WORKING DATA:
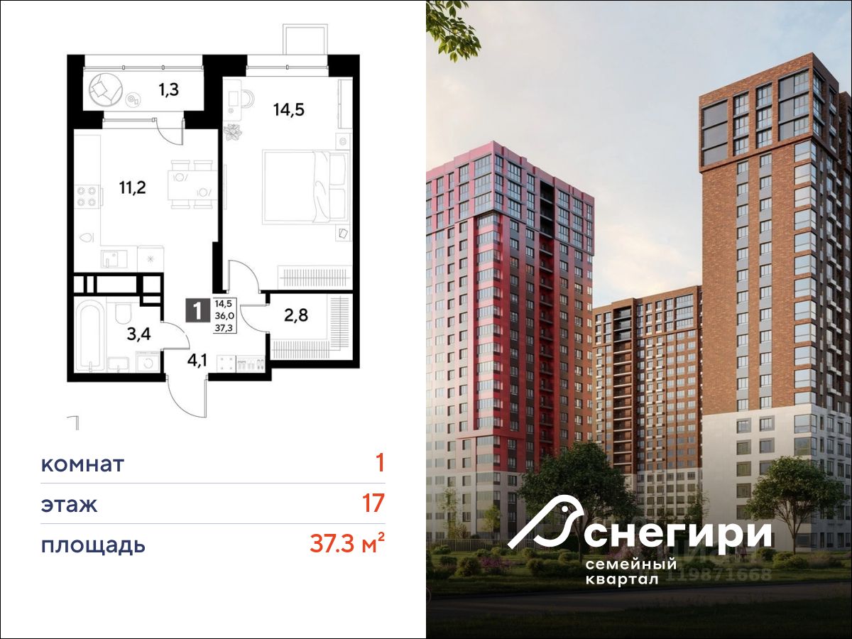 ЖК ''Снегири'', г. Омск, корпус 1 Срок сдачи: (4 кв. 2027, общей площадью 37.3 кв.м., на 17 этаже.)
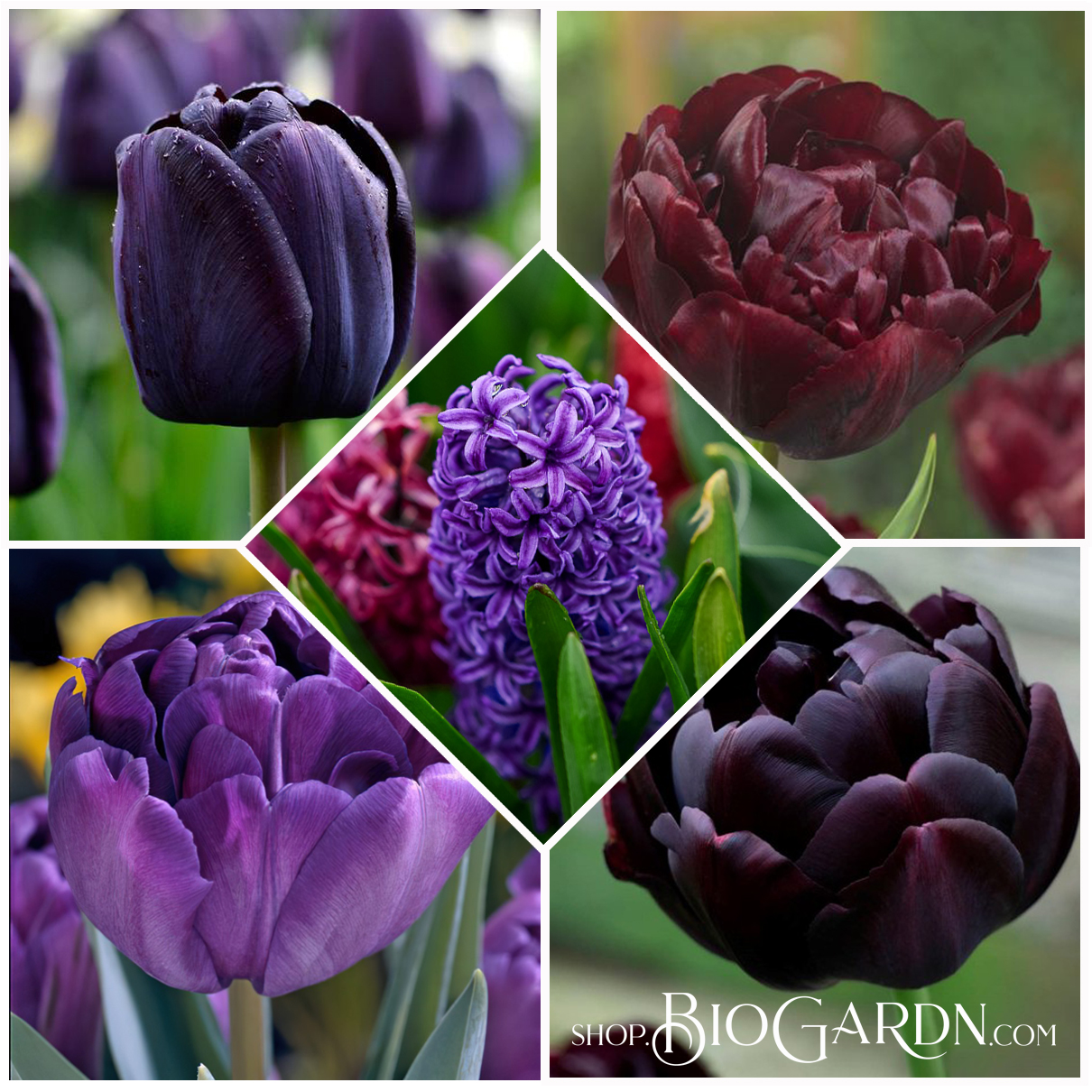 Biogardn Dark magic® ® съдържа четири сорта лалета в драматично тъмни нюанса лалета, за гарантиран изискан ефект и неподражаем стил на вашата градина!
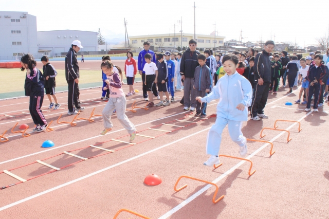 ジュニア陸上教室でミニハードルなどに挑戦する小学生=17日、市陸上競技場 (2011/04/19)
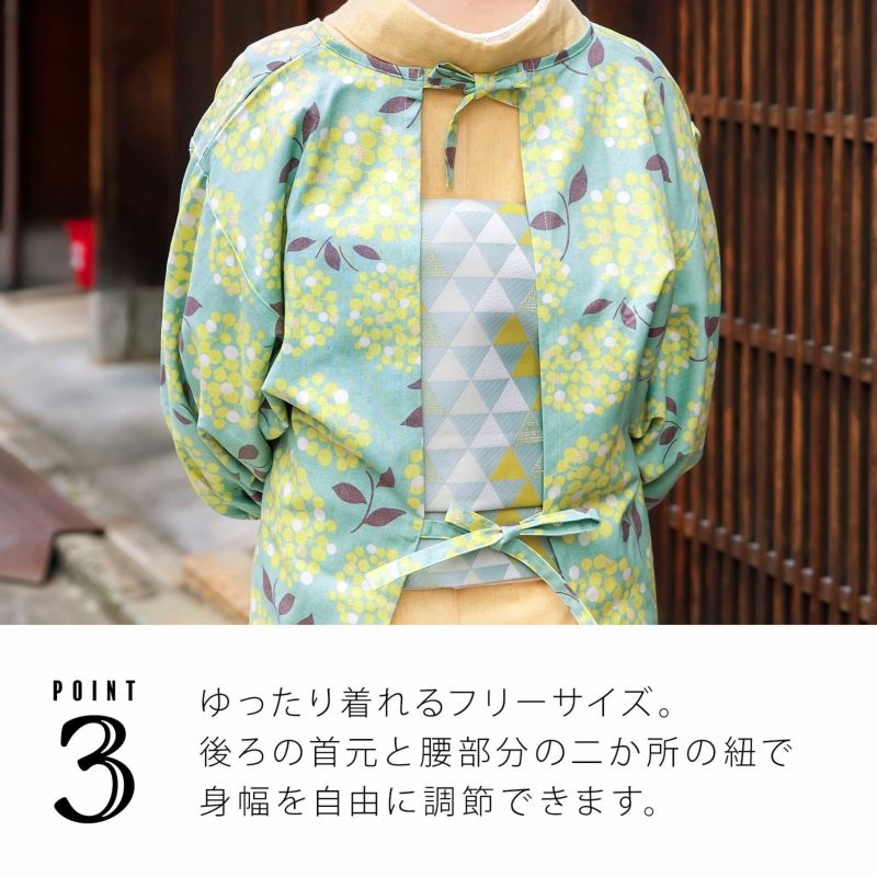 家事や料理など作業時の汚れ防止に、着物だけでなく普段着の洋服にも合わせていただけます。
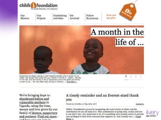 The document discusses how multimedia content such as audio, video, photos and social media can help non-profit organizations better communicate their mission and impact. It provides examples of small charities like ColaLife and Child's i Foundation that have created successful multimedia campaigns using tools like videos, photos and blogs. Their use of multimedia content humanizes the organizations and makes their work more easily shareable online to engage supporters and raise awareness. The document encourages organizations to consider how they can show rather than just tell their stories through multimedia content.
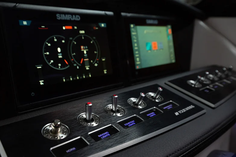 - Deluxe helm with LED‑lit switches, tilt steering, and touchscreen instrumentation
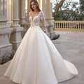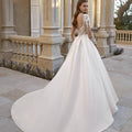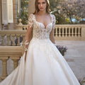 Abito in mikado con tulle, pizzo e ricami. La linea ad A e la scollatura a cuore si uniscono a maniche lunghe per un’immagine elegante e senza tempo.

EXERCISE OBJECTIVE: Make an exact copy of the lines from the one holding "The document discusses" through the end of the material, both ends included, and keep the pictures out of it.

WRITTEN SOLUTION:
 The document discusses how multimedia content such as audio, video, photos and social media can help non-profit organizations better communicate their mission and impact. It provides examples of small charities like ColaLife and Child's i Foundation that have created successful multimedia campaigns using tools like videos, photos and blogs. Their use of multimedia content humanizes the organizations and makes their work more easily shareable online to engage supporters and raise awareness. The document encourages organizations to consider how they can show rather than just tell their stories through multimedia content.
 - Deluxe helm with LED‑lit switches, tilt steering, and touchscreen instrumentation
 Abito in mikado con tulle, pizzo e ricami. La linea ad A e la scollatura a cuore si uniscono a maniche lunghe per un’immagine elegante e senza tempo.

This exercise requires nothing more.